Liberating the Heart of Africa: A Case Study of the Classical Monkey Syndrome
Posted Oct 21, 2011

Liberating the Heart of Africa: A Case Study of the Classical Monkey Syndrome


by Dr. Robert D. Crane  


    We finally now seem to be militarily committed to chase down the Lord’s Resistence Army as an opening to liberate the Heart of Africa.  The Neocons did not create AfriCom in 2007 under President Bush for nothing.  It is responsible for all of Africa, including Libya, but excluding Egypt.  Unfortunately not a single one of the 57 African countries has been willing to host it, so it is based in Stuttgart, Germany, where for a couple of decades or longer we have had no business having any troops either.  Africa has a lot of natural resource wealth, which, of course, is rightfully ours as a reward for liberating Libya and its oil for humanity.  Our presence in the center of what for years has been considered a “world war” for the heart of Africa is strictly humanitarian, according to Obama. 


    Once we are committed to this world war, it will be harder to get out than it has been in Iraq and Afghanistan.  When I was Director of Third World Studies at the Hudson Institute in the 1960s, I was in charge of writing scenarios for the DOD designed to justify our invasion of nine different countries.  The Congo was one of them, so I have been following events there for many years.  Strangely, I never had to write scenarios about how we could get back out again.


    The present situation is particularly dicey because it now involves the new country of South Sudan (which for decades I have always called Anzania) and all its oil, for which China is now a competitor.  I doubt that China will take American intervention lying down.  Following Kissinger’s favorite strategy of global condominium from the Cold War era, however, the United States and China may simply divide up Africa the way the European powers did in 1875. 

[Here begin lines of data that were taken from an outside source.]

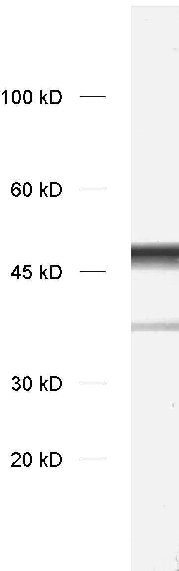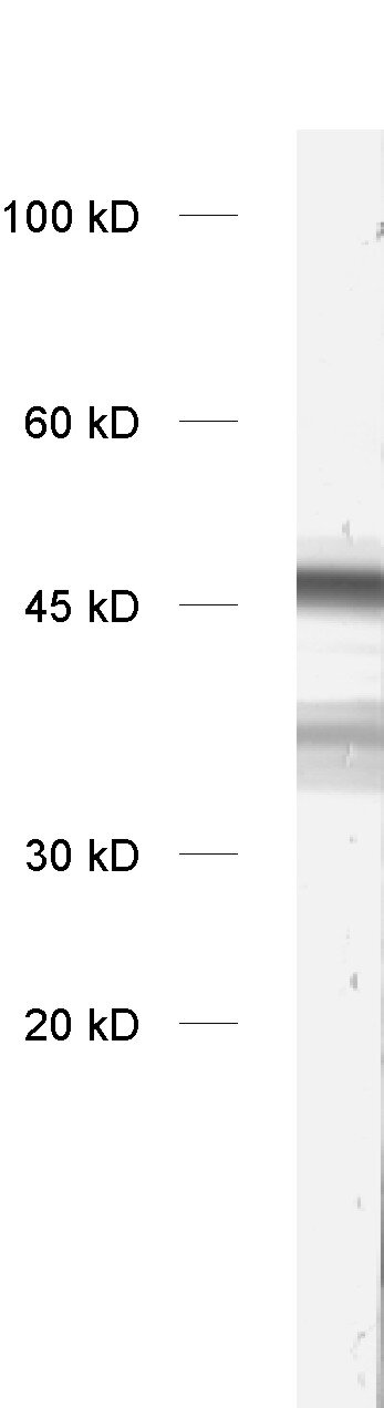 50 µg specific antibody, lyophilized. Affinity purified with the immunogen. Albumin was added for stabilization. For reconstitution add 50 µl H2O to get a 1mg/ml solution in PBS. Then aliquot and store at -20°C to -80°C until use. Antibodies should be stored at +4°C when still lyophilized. Do not freeze! |
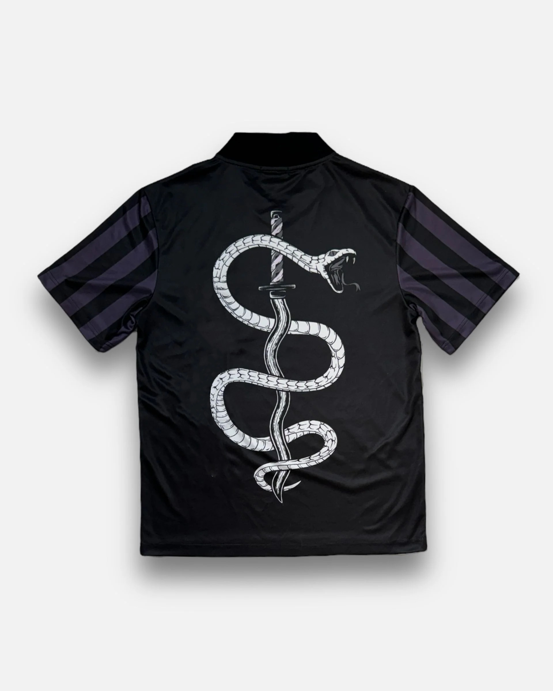 Serpent Sword Jersey with a true-to-size fit, made from medium-weight polyester. Design includes a graphic pattern print with embroidery patch on the front.
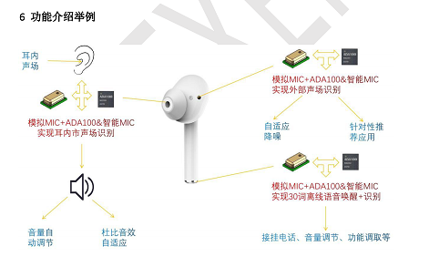 將麥克風的模擬mic與ADA100相結合可以對于耳內的聲場進行識別,從而實現(xiàn)音量和音效的自適應調節(jié);對于外部聲場也能進行識別,從而做出自適應降噪,降低降噪消耗的功耗,提升續(xù)航時間;ADA100還擁有30個關鍵詞的識別,可以通過語音控制來進行電話的接掛、音量大小的調控、音樂的切換等人機交互功能,更加的快速便捷。
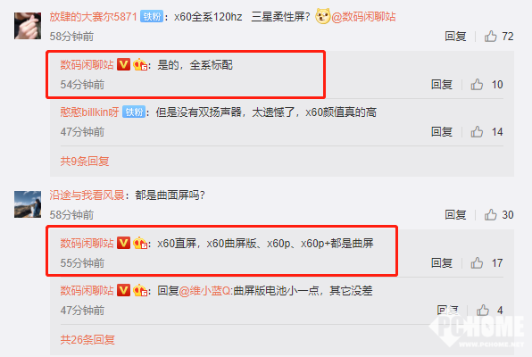 值得注意的是,该博主还在微博评论区透露,X60标准版将会有直面屏和曲面屏两种不同屏幕,曲面屏版除了电池小以外其他没有区别,而X60 Pro和X60 Pro+均是曲面屏,同时X60全系标配120Hz三星E3 OLED屏幕。
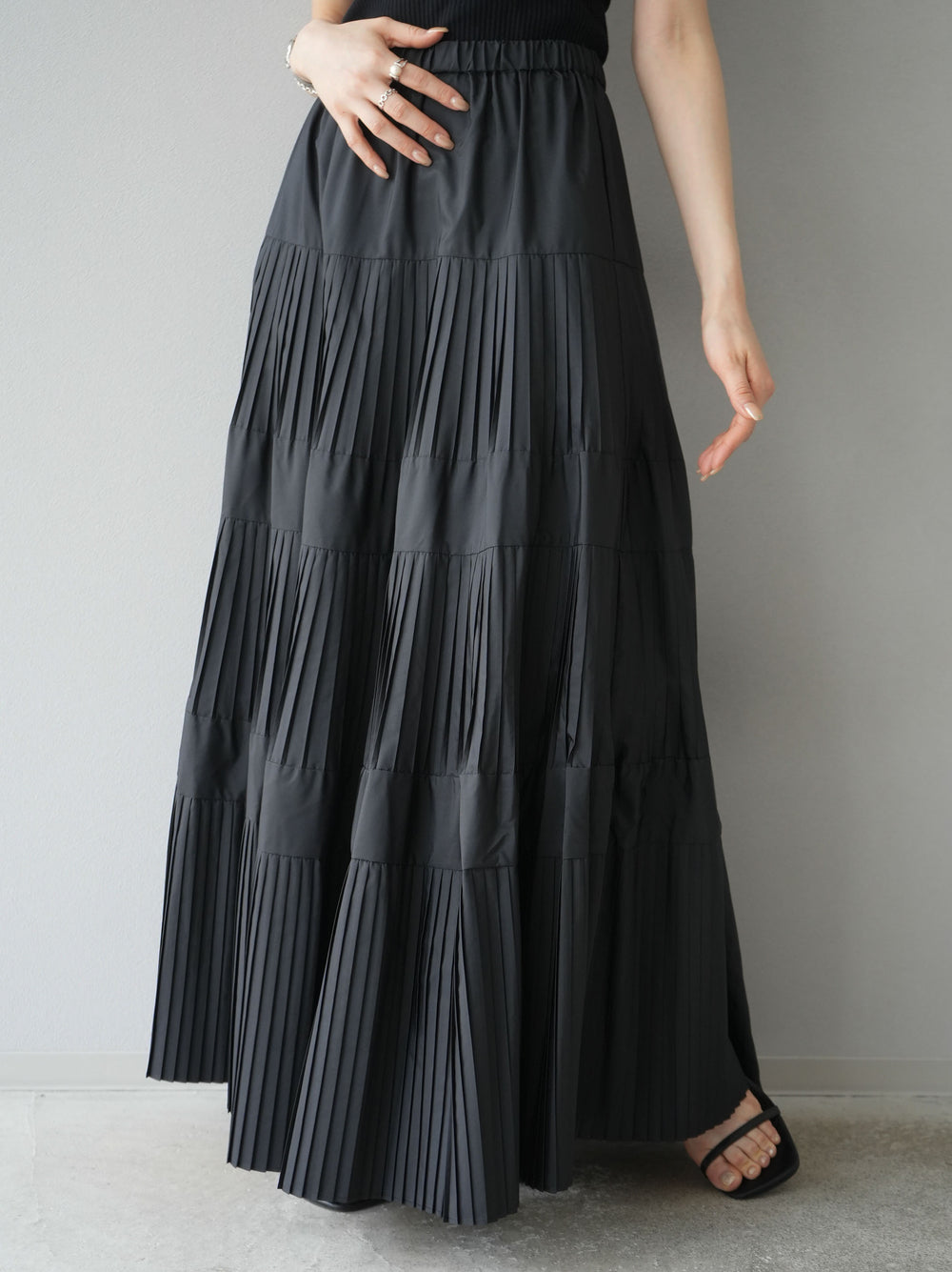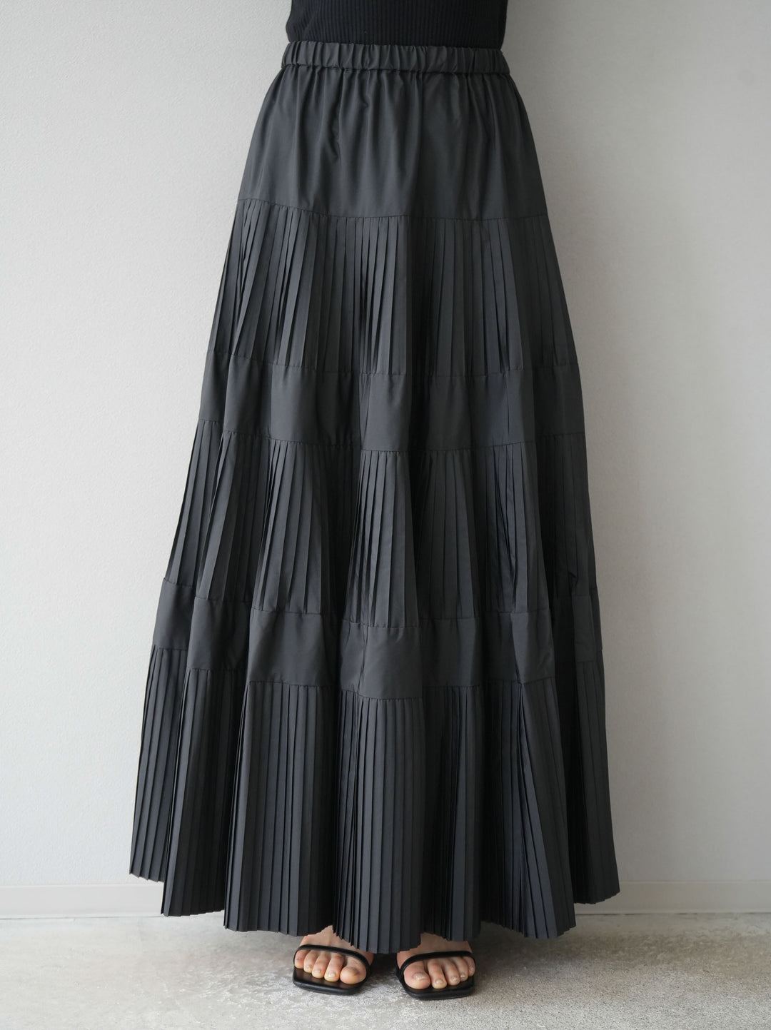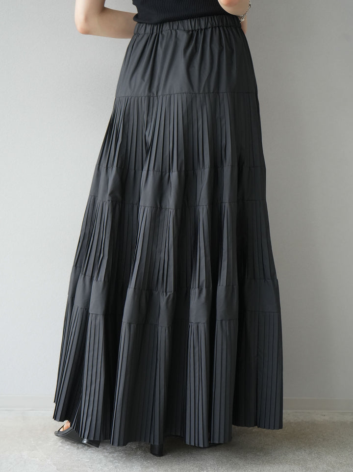 シルエットに動きをもたらすプリーツ加工が、エレガントな表情を引き立てるティアードスカート。歩くたびに揺れる裾がフェミニンなムードを演出し、軽やかな着心地を実現。ウエストゴム仕様で、快適なフィット感を提供し、デイリーにも取り入れやすいアイテムです。トレンド感のあるデザインで、さりげないアクセントとして、シンプルなトップスと合わせるだけで洗練されたスタイリングが完成します。

    Alternatively, the two might opt to share Africa in order to save the world from chaos.  Unfortunately, the Chinese would have a huge strategic advantage because, unlike us, the Chinese are not paranoid about chaos and would have perhaps lethal bargaining power.  Unfortunately, the NeoCon strategists cannot conceive of such subtle factors. Furthermore, the NeoCons’ autistic combination of existential angst, hubris, and arrogance is incurable, because no paranoid person can admit one’s own paranoia, just as almost by definition no arrogant person can admit one’s own arrogance.  The result is the classical monkey syndrome of being deaf, dumb, and blind, which is why justice, especially economic justice as the prerequisite for democracy, has been a hopelessly exogenous variable.